The following diagram describes the E2E workflow:
![Use_case_flow](assets/e2e_flow_optimized.drawio.png)

1. A list of product recommendations is provided as input.
2. A clustering model us trained.
3. Hyperparameters are tunned.
4. Optimized inference is run to measure quality.
5. A product recommendation is delivered as output.

In a realistic pipeline, this training process would follow the above `Use Case E2E flow` diagram, adding a human in the loop to determine the quality of the clustering solution from each of the saved models/predictions in the `saved_models` directory, or better, while tuning the model. The quality of a clustering solution is highly dependent on the human analyst and they have the ability to not only tune hyper-parameters, but also modify the features being used to find better solutions.
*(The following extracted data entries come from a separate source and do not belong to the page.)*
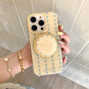 奶黄底蓝色小花磁吸支架苹果16promax适用15pro双层磁吸壳14Pro13
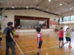 本校のミニバスケットについては、対外試合もないまま、それでも練習を積み上げてきた本校5・6年生のために引退試合を行いました。シュートの瞬間に密にならないように「台形の中ではシュートを打たない」などソーシャルディスタンスを意識したローカルルールも取り入れて行いました。
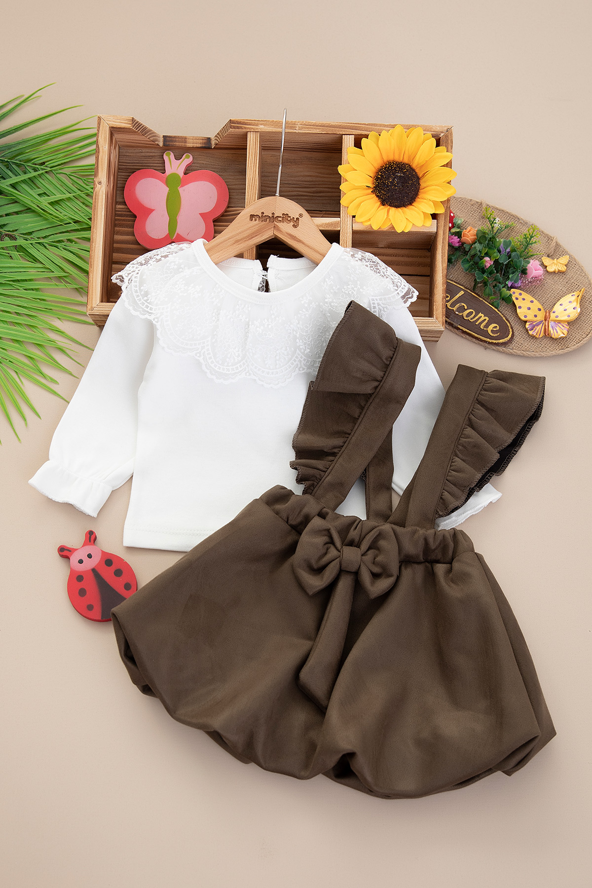 Kız Çocuk Süet Balon Etek Salopet Takım - 1616 (1-3 Yaş)
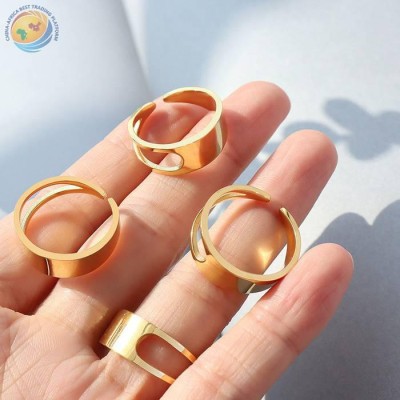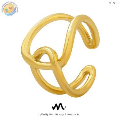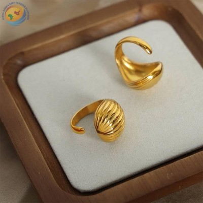 欧美新款冷淡风小众设计异形钛钢镀金条纹开口戒指
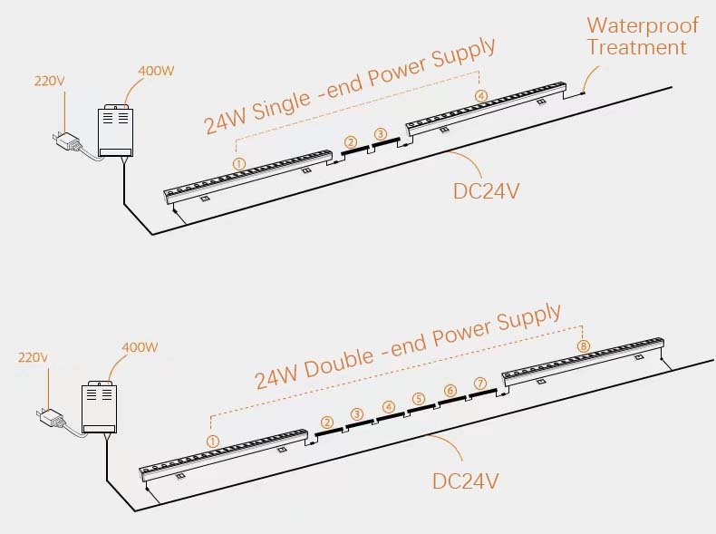 A single 400W power supply can power a combination of 24W wall washers with a total length of up to 12 meters. When powering from one side, the maximum length of a wall washer combination is 4 meters. When powering from both ends, the maximum length of a wall washer combination is 8 meters.
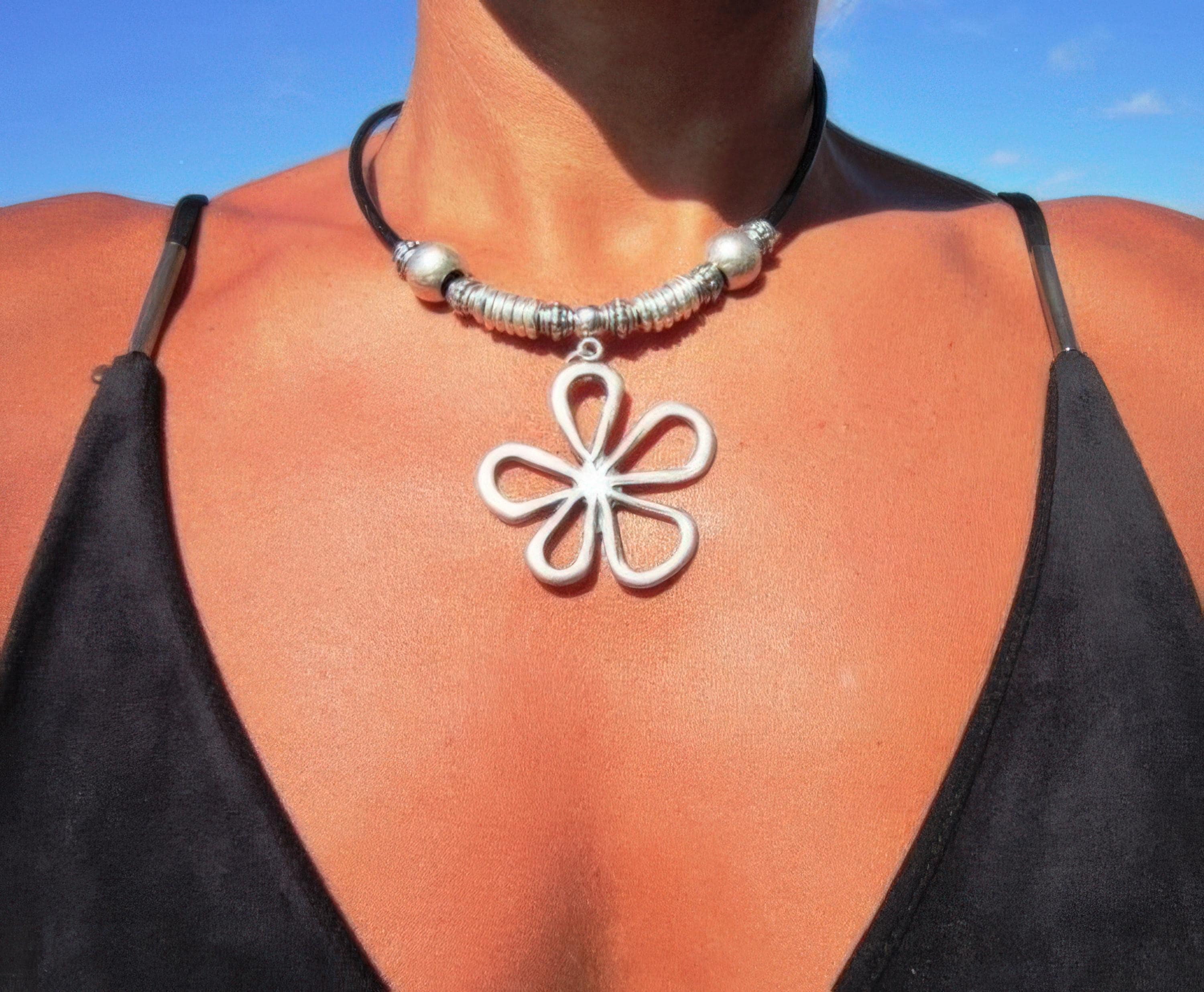 ♥ This Statement silver beaded Daisy pendant flower necklace is part of our best selling items, a perfect blend of timeless style handmade jewelry. Silver matching necklaces for women made to size to match your style. Designed as a delicate charm necklace, a layered pendant necklace, or a bold statement necklace perfect as Couples Necklace it’s available in multiple lengths to match your style. at KEKUGI you can find pendant necklaces, beaded necklaces, charm necklaces, choker necklaces, multi-strand necklaces and lariat & Y necklaces, unique bohemian jewelry Best selling items designs.
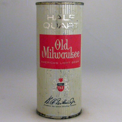 This vintage Old Milwaukee Light Beer can from Jos. Schlitz Brewing Co. in Milwaukee, Wisconsin is dated 1962, 'Half Quart', and unopened; the bottom and top are embossed with 'Super Softop'.
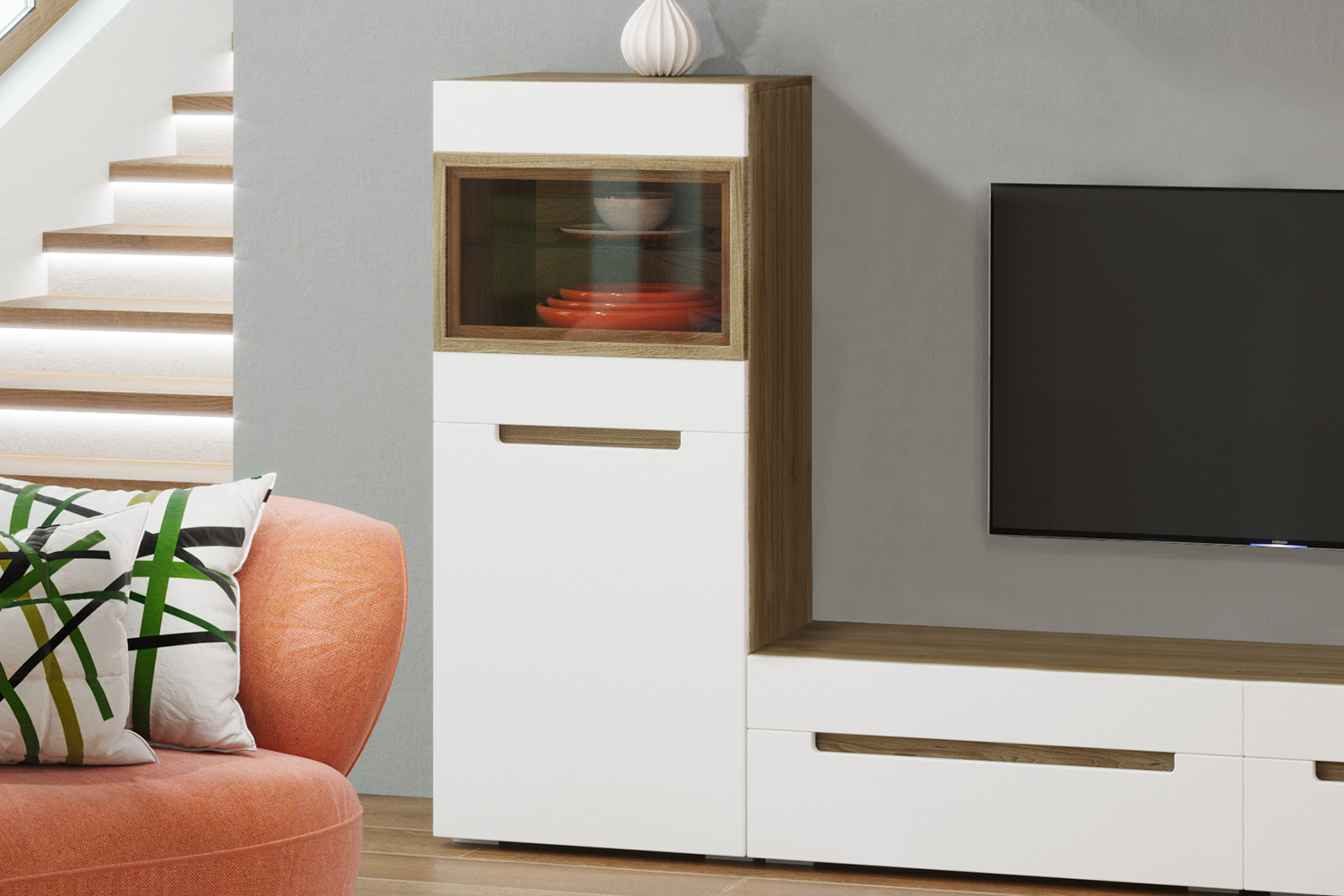 – описание: стиль современный, минимализм, назначение для гостиной, цвет швейцарский вяз, белый, размер 136.4x60.1x41.6 см.

As mentioned above, this Product recommendation system uses k-means from the Scikit-learn library to train an AI model and generate cluster labels for the passed-in data. This process is captured within the `run_benchmarks.py` script. This script *reads and preprocess the data*, and *performs training, predictions and hyperparameter tuning analysis on k-means*, while also reporting on the execution time for all the mentioned steps (we will use this information later when we are optimizing the implementation for Intel® architecture). Furthermore, this script can also save each of the intermediate models/cluster labels for an in-depth analysis of the quality of fit.

Expected Input-Output:

**Input** | **Output** |
| :---: | :---: |
| Product Name | List of product recommendations which is falling under the predicted cluster |

**Example Input** | **Example Output** |
| :---: | :---: |
|water | shower,water,faucet,valve,handle,easy,brass,drain,pressure,design |

Hyperparameters tuning is optional and can be enabled (detailed info will be provided later).

## Get Started

The following variables could be adapted by the user and will be used during the E2E workflow.

[//]: # (capture: baremetal)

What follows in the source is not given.